Rust for Python developers: Using Rust to optimize your Python code

This post covers how to use Rust and PyO3 to optimize existing Python projects. It will also give you a basic introduction to Rust on the way.

Example program

The following Python program creates a simple visualisation of the Mandelbrot set using matplotlib. It takes about 20s to finish on my machine.

import matplotlib.pyplot as plt
import math
import numpy as np
from time import time

def simple_stability(real:float, imag:float, max_iterations:int=100) -> int:
    zr = 0
    zi = 0
    for i in range(max_iterations):
        new_zr = zr**2 - zi**2 + real
        zi = 2 * zr * zi + imag
        zr = new_zr
        if math.sqrt(zr**2 + zi**2) > 2:
            return i
    return max_iterations


def main():
    start = time()
    values = []
    for y in np.linspace(-2, 2, 1000):
        line = []
        for x in np.linspace(-2, 2, 1000):
            line.append(simple_stability(x, y))
        values.append(line)
    values = np.array(values)
    print(time() - start)
    plt.imshow(values)
    plt.show()

if __name__ == '__main__':
    main()

We can see that most of the calculation time is spent in simple_stability, which makes it a performance-critical function. This means that any speedup we achieve for simple_stability will also have a big impact on the overall performance of our program. With that in mind, let’s try translating this function into Rust.

First steps in Rust

Rust is a compiled language, unlike Python, which is interpreted. This means that we can’t just start writing .rs files and run them from the console (or IDE). We have to compile them first.

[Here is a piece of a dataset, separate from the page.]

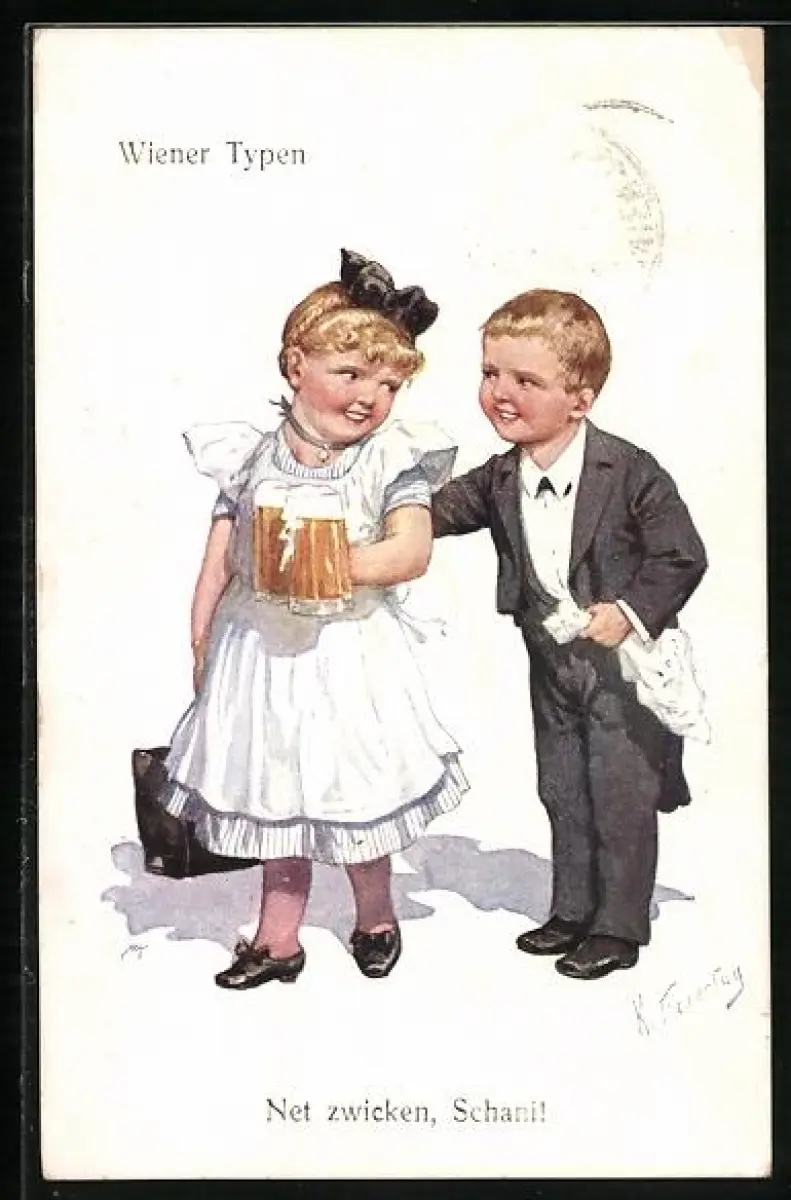 Künstler-AK Karl Feiertag: Wien, Net zwicken, Schani!, Kinder

Rust has an excellent tool called Cargo that takes care of all our compilation and dependency management needs. To create a new crate, that is, a new Rust project using Cargo, run cargo new --lib mandelbrot_module in the directory of your choice. (Install Rust and Cargo if you have not done so already.) The contents of your new directory should look something like this:

mandelbrot_module/
├─ src/
│  ├─ lib.rs
├─ .gitignore
├─ Cargo.toml

This is the standard structure for all Rust crates. src is where all our source code will be stored and Cargo requires a specific name for our main file. If we were trying to write an executable, our main file would be src/main.rs and the execution of our compiled program would start in the main function of that file. Since we want to write a library/module, our main file is going to be lib.rs and everything we might want to use from our library after compilation needs to be available from this file.

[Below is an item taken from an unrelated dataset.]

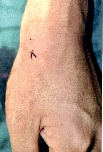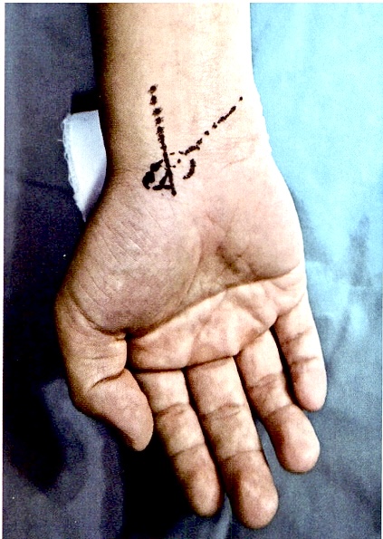 注意切口呈“Z”子形,避免腕掌侧形成索条状疤痕。

Since Cargo already wrote some test code into our lib.rs, let’s run it to see that everything works. To do this run cargo test anywhere within the main directory of the crate.

Test code:

#[cfg(test)]
mod tests {
    #[test]
    fn it_works() {
        assert_eq!(2 + 2, 4);
    }
}

Expected console output:

running 1 test
test tests::it_works ... ok

test result: ok. 1 passed; 0 failed; 0 ignored; 0 measured; 0 filtered out; finished in 0.00s

   Doc-tests mandelbrot_module

running 0 tests

test result: ok. 0 passed; 0 failed; 0 ignored; 0 measured; 0 filtered out; finished in 0.00s

You should now have a target directory in your crate. This directory contains all the files that get created during compilation, but we don’t actually need it for this project.

We do however need to add PyO3 to our crate’s dependencies before we can start using it, so let’s do that now. Adding dependencies to a crate is normally pretty simple. You just have to write the dependency name and version number under [dependencies] in your Cargo.toml file like this:

[dependencies]
threadpool = "1.8.1"

But PyO3 needs some extra configuration which I won’t explain in this post. Just paste the following into your Cargo.toml file:

[package]
name = "mandelbrot_module"
version = "0.1.0"
edition = "2018"

[lib]
name = "mandelbrot_module"
crate-type = ["cdylib"]

[dependencies.pyo3]
version = "0.15.1"
features = ["extension-module"]

With that done, let’s write some actual Rust code in lib.rs.

Rust functions

We’re going to start by just writing the function how you would in a pure Rust program.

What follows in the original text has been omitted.